Para contrarrestar estos números, se puede tener en cuenta hoy más de 5,5 millones de personas con un patrimonio de más de un millón de dólares, cuyas fortunas combinadas llegan a los 26.1 billones de dólares. Sólo en la ciudad de Nueva York viven más de 1200 millonarios y cerca de un centenar de ellos son catalogados como “multimillonarios”…
En este escenario de contradicciones y disparidades, el principal desafío que tiene por delante el nuevo gobierno de Donald Trump será institucionalizar una corriente política que hasta ahora está centrada, únicamente, en su propia persona.
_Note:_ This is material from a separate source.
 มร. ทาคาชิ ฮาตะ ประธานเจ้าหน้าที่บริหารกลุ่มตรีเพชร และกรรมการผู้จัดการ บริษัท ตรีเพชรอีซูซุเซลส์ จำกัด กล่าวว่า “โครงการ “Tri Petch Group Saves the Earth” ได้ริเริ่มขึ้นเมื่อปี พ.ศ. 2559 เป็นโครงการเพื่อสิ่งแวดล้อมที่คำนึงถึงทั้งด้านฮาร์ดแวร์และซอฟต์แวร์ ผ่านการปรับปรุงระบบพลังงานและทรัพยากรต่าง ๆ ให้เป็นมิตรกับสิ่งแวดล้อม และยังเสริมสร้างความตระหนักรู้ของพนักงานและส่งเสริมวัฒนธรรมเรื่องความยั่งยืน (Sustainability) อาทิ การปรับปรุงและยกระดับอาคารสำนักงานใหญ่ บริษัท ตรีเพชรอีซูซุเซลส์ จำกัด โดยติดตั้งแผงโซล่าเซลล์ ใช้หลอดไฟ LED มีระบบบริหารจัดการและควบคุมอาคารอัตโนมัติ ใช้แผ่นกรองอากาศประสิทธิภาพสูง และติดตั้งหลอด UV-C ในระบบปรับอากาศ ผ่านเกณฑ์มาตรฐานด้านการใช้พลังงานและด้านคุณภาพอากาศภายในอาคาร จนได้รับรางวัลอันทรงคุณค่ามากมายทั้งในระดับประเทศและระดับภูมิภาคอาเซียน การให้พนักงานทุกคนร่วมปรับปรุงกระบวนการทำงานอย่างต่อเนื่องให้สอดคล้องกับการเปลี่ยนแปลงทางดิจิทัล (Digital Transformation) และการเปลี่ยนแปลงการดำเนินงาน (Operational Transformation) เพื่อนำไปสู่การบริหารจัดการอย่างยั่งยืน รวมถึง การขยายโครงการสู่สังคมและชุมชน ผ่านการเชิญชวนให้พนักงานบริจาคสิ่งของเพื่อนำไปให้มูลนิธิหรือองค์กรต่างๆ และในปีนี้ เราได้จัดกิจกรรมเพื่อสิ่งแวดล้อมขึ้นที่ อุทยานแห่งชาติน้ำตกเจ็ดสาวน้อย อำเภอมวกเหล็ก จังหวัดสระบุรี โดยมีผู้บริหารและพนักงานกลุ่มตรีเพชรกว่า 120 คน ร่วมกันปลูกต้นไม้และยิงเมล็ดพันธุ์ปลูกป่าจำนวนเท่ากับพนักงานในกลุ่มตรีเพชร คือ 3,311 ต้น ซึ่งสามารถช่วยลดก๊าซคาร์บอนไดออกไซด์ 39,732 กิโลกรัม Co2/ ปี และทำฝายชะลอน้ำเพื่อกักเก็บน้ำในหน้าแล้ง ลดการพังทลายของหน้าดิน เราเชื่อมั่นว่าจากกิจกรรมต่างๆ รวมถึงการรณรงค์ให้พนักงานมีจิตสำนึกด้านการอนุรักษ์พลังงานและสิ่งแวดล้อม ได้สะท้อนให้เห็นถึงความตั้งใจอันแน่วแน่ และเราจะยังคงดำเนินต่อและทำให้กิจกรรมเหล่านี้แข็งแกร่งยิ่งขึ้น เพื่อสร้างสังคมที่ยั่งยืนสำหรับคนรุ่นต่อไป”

El movimiento MAGA (Make America Great Again), una denominación que remite a la época dorada del partido Republicano de la era Reagan, hoy es un puente estratégico no sólo para ampliar la base de seguidores del caudillo sino también para ir avanzando en un futuro trasvasamiento generacional.
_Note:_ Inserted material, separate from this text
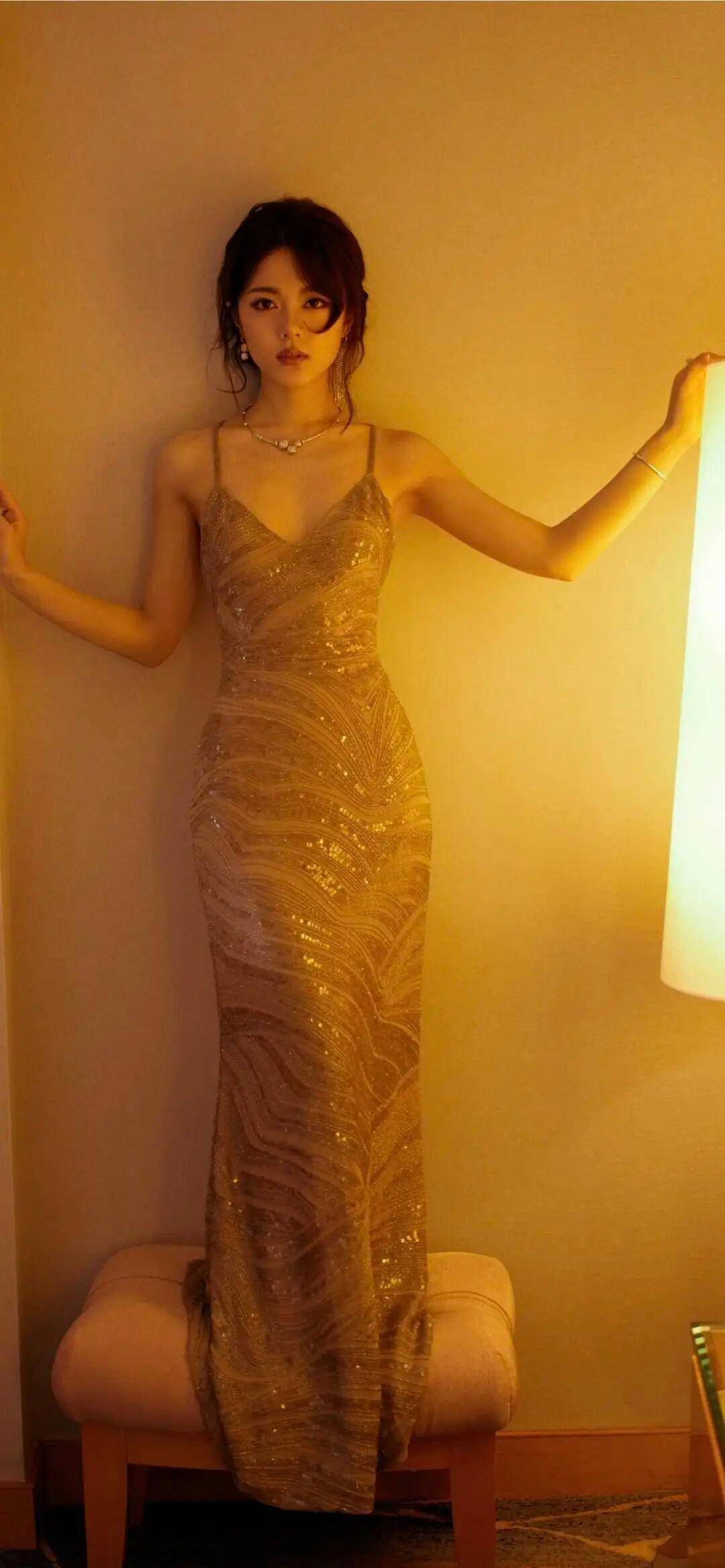 这件礼服的设计可以说是 “小心机” 满满,浅咖色的亮片面料在不同光线下呈现出不同的光泽感,波浪形的纹路更是为其增添了几分灵动。修身的版型将赵今麦的身材包裹得恰到好处,细吊带和深 V 领的设计,大胆又不失优雅,将她的肩颈线条和锁骨曲线完美展现,每一次转身都能让人感受到她身姿的优雅与曼妙。

Mientras tanto, organizaciones como Heritage Foundation, a través del anunciado “Project 2025”, procurará redefinir las bases del Estado, y del sistema político a partir de los requerimientos del trumpismo, en lo que promete ser la lucha final contra el fantasmático “Deep State”, el “Estado profundo” de burócratas y funcionarios capaz de controlar los más íntimos dispositivos del poder.
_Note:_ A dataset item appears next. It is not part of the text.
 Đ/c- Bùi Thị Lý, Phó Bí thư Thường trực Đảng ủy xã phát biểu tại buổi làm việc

Una vez más, el poderoso presidente se victimizará ante amenazas inexistentes y sabotajes imaginarios para, de ese modo, fortalecer sus alianzas políticas y empresariales, proyectar sus ambiciones y deseos, e intentar debilitar al extremo a opositores y antagonistas.
El caudillo iniciará su segundo mandato con 78 años. Frente a cualquier imprevisto, la sucesión estará asegurada con el vicepresidente electo J. D. Vance, senador, empresario y, por sobre todas las cosas, un cuadro de MAGA, con un ideario todavía más radicalizado que el del propio Trump.
En este escenario de incertidumbre algo está claro: el fin de lo que muchos aun consideran como el “excepcionalismo estadounidense”. Esa falsa idea, sustentada en una falsa superioridad, en la que Estados Unidos es, necesariamente, distinto a otros países (y, obviamente, a América Latina).
El trumpismo no sólo llegó para quedarse. Hoy ya se encuentra plenamente arraigado y, por ende, moldeará las formas de la política, de la cultura y de la democracia, en las próximas décadas, en Estados Unidos, pero también en buena parte del mundo.